Records from a collection
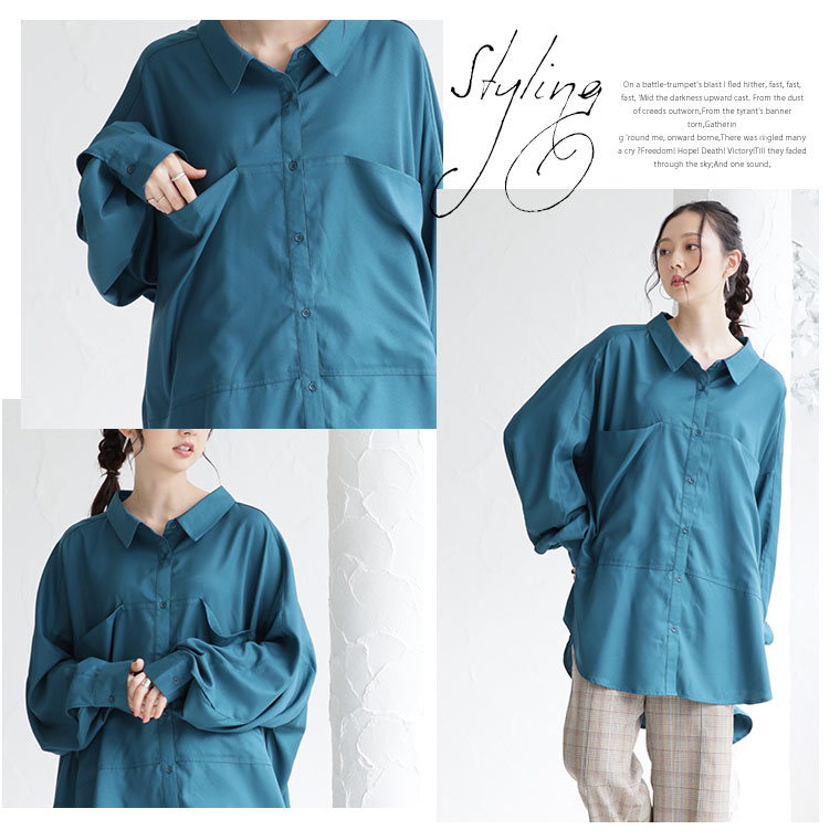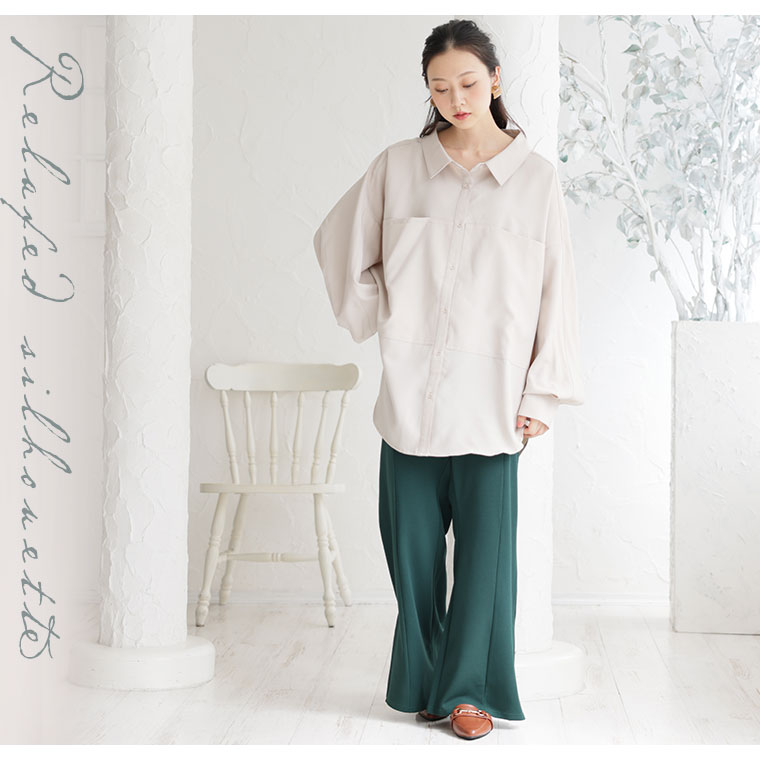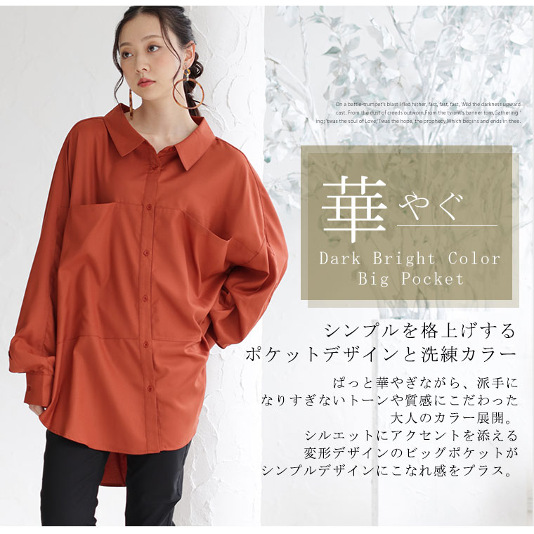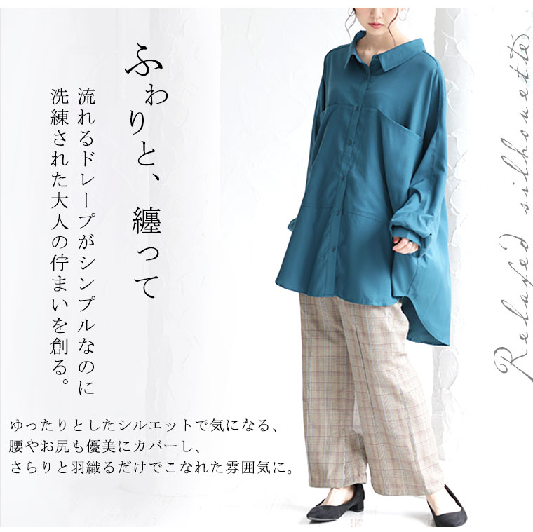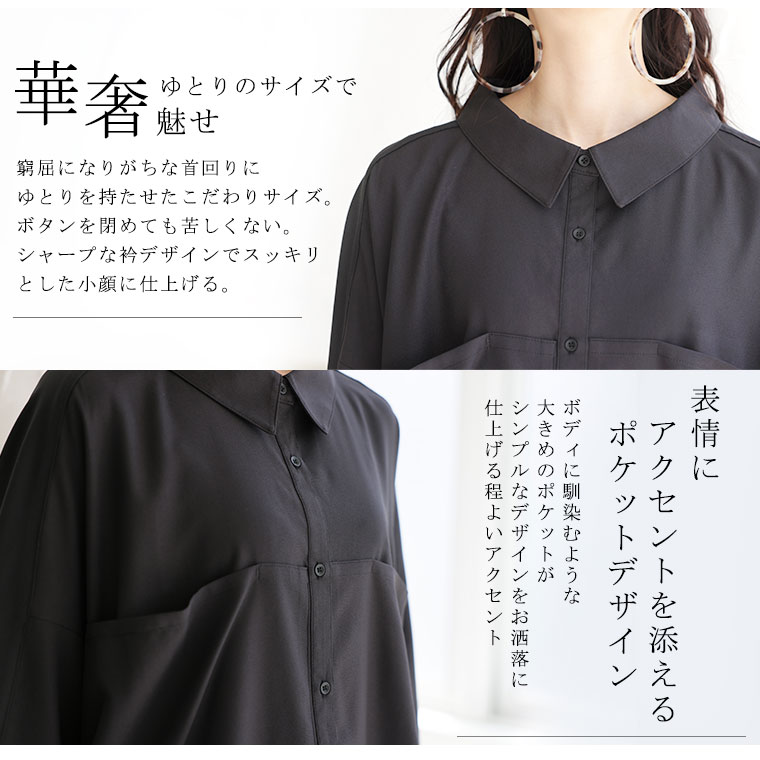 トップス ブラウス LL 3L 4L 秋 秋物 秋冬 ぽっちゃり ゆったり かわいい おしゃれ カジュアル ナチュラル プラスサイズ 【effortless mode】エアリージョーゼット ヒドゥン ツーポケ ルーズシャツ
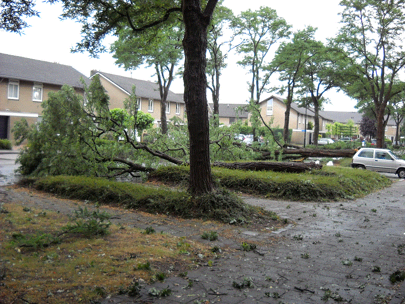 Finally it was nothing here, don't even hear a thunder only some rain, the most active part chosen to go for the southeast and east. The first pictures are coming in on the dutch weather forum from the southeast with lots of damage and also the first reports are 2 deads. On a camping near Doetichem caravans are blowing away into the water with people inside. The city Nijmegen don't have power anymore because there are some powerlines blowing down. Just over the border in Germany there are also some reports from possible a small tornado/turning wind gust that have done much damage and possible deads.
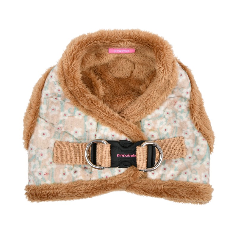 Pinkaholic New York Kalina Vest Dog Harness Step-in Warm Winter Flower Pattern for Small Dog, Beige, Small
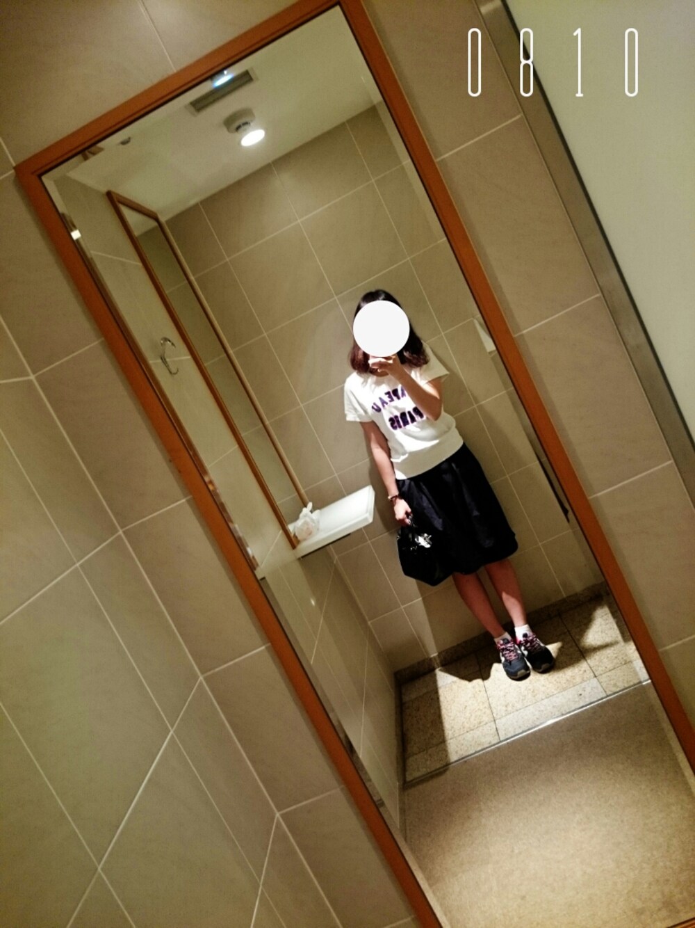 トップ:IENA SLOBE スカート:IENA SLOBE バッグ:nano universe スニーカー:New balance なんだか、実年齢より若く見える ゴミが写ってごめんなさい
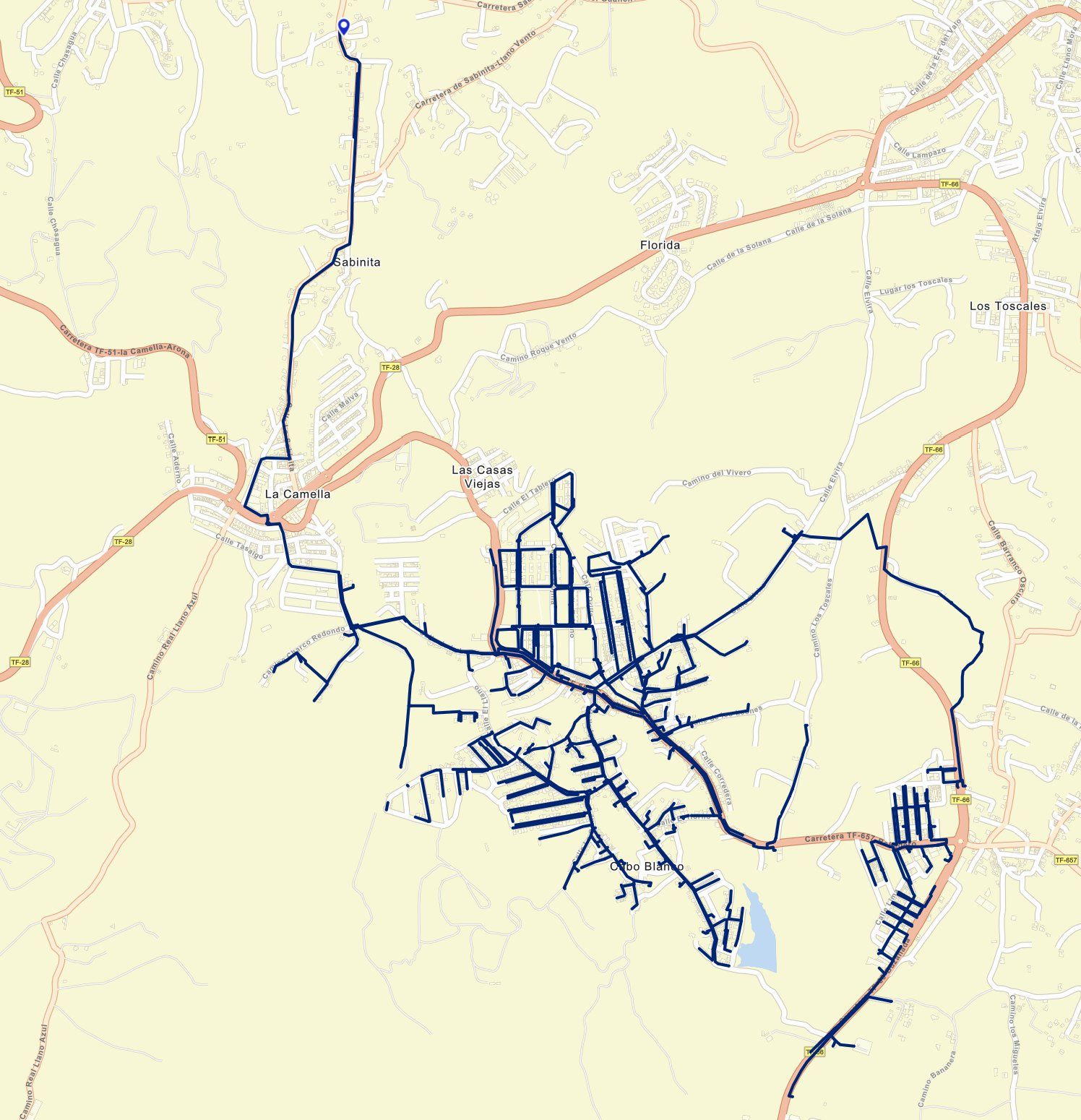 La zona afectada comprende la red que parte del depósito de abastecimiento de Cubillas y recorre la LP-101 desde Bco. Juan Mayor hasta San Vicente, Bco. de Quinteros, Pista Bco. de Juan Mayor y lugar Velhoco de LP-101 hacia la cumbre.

**The task**
Print, without pictures, exactly the lines from the one containing "トップ:IENA SLOBE スカート:IENA" through the final line of the records above.

**Task solution**
 トップ:IENA SLOBE スカート:IENA SLOBE バッグ:nano universe スニーカー:New balance なんだか、実年齢より若く見える ゴミが写ってごめんなさい
 La zona afectada comprende la red que parte del depósito de abastecimiento de Cubillas y recorre la LP-101 desde Bco. Juan Mayor hasta San Vicente, Bco. de Quinteros, Pista Bco. de Juan Mayor y lugar Velhoco de LP-101 hacia la cumbre.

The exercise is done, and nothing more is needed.